• **Exercise goal**:
Your output should be the exact lines from the start of the data through the line containing "Ein Unterwasseratemgerättaucher oder", with no pictures.

• **Raw data**:
§

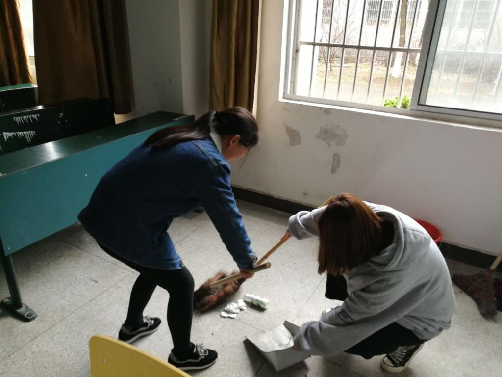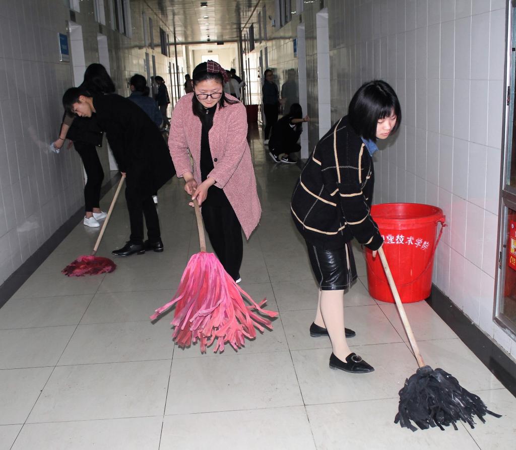 清扫过程中,每个班级分工明确,各班都对其代管教室进行了清扫。入党积极分子和学生干部发挥了先锋带头作用,对C栋教学楼的公共区域以及经贸楼周边公共区域进行了细致的打扫,将理论学习与实践活动相结合,以实际行动向党组织靠拢。
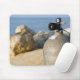 Ein Unterwasseratemgerättaucher oder ein Tauchenmeister werden Liebe, den hübschen Unterwasseratemgerät-Behälter auf Strand Mousepad in ihrem Büro-, Schreibtisch- oder Schlafsaalraum zu haben. Diese Gewohnheitssporttauchen-Mäusematte kennzeichnet eine Fotografie eines Unterwasseratemgerätluftbehälters auf einem sandigen tropischen Inselstrand mit großen Felsen und den karibischen Ozean im Hintergrund.
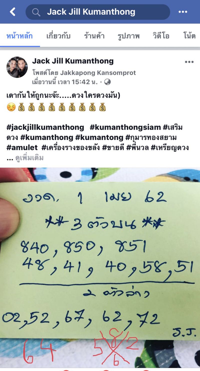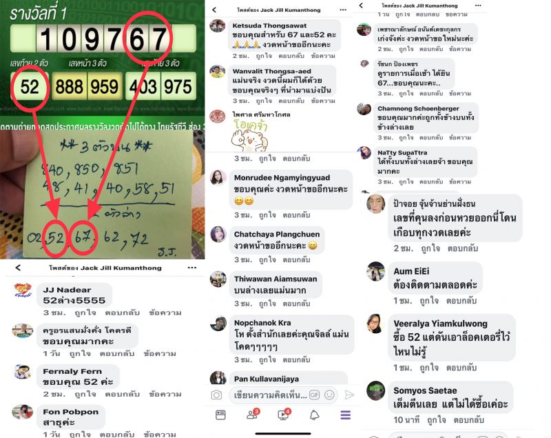 “จริงๆ แล้วก็ค่อนข้างถูกบ่อยนะครับ อย่าง 10 งวดที่ผ่านมาก็ถูกไป 9 งวดแต่ไม่ค่อยบอกใคร ที่จะรู้กันก็คือคนที่ติดตามเฟซบุค jackjillkumanthongซึ่งเราจะลงเกี่ยวกุมารทองและเครื่องรางของขลังที่เราสะสม คนก็จะชอบเข้ามาถามว่า มีของขลังมากมายขนาดนี้ มีของดีมากขนาดนี้ต้องได้อะไรเด็ดๆ แน่นอน แต่ละงวดก็มาถามแล้วว่า งวดนี้เลขอะไร เราก็มีลงบอกไป อย่างล่าสุดก็พึ่งโพสต์ลงไปเมื่อวันที่ 31 มีนาคมที่ผ่านมา พอเช้ามาก็มาออกรายการที่ช่อง 9 ซึ่งตรงกับวันหวยออกพอดี ก็เลยได้คุยเรื่องนี้ในรายการ แล้วปรากฏว่าคนดูรายการก็พากันไปซื้อถูกกันสนั่น โทรเข้ามาขอบคุณที่ร้านกันสายแทบไหม้ ในเฟซบุคก็มาบอกว่าถูกกัน”

§

• **Output**:
 清扫过程中,每个班级分工明确,各班都对其代管教室进行了清扫。入党积极分子和学生干部发挥了先锋带头作用,对C栋教学楼的公共区域以及经贸楼周边公共区域进行了细致的打扫,将理论学习与实践活动相结合,以实际行动向党组织靠拢。
 Ein Unterwasseratemgerättaucher oder ein Tauchenmeister werden Liebe, den hübschen Unterwasseratemgerät-Behälter auf Strand Mousepad in ihrem Büro-, Schreibtisch- oder Schlafsaalraum zu haben. Diese Gewohnheitssporttauchen-Mäusematte kennzeichnet eine Fotografie eines Unterwasseratemgerätluftbehälters auf einem sandigen tropischen Inselstrand mit großen Felsen und den karibischen Ozean im Hintergrund.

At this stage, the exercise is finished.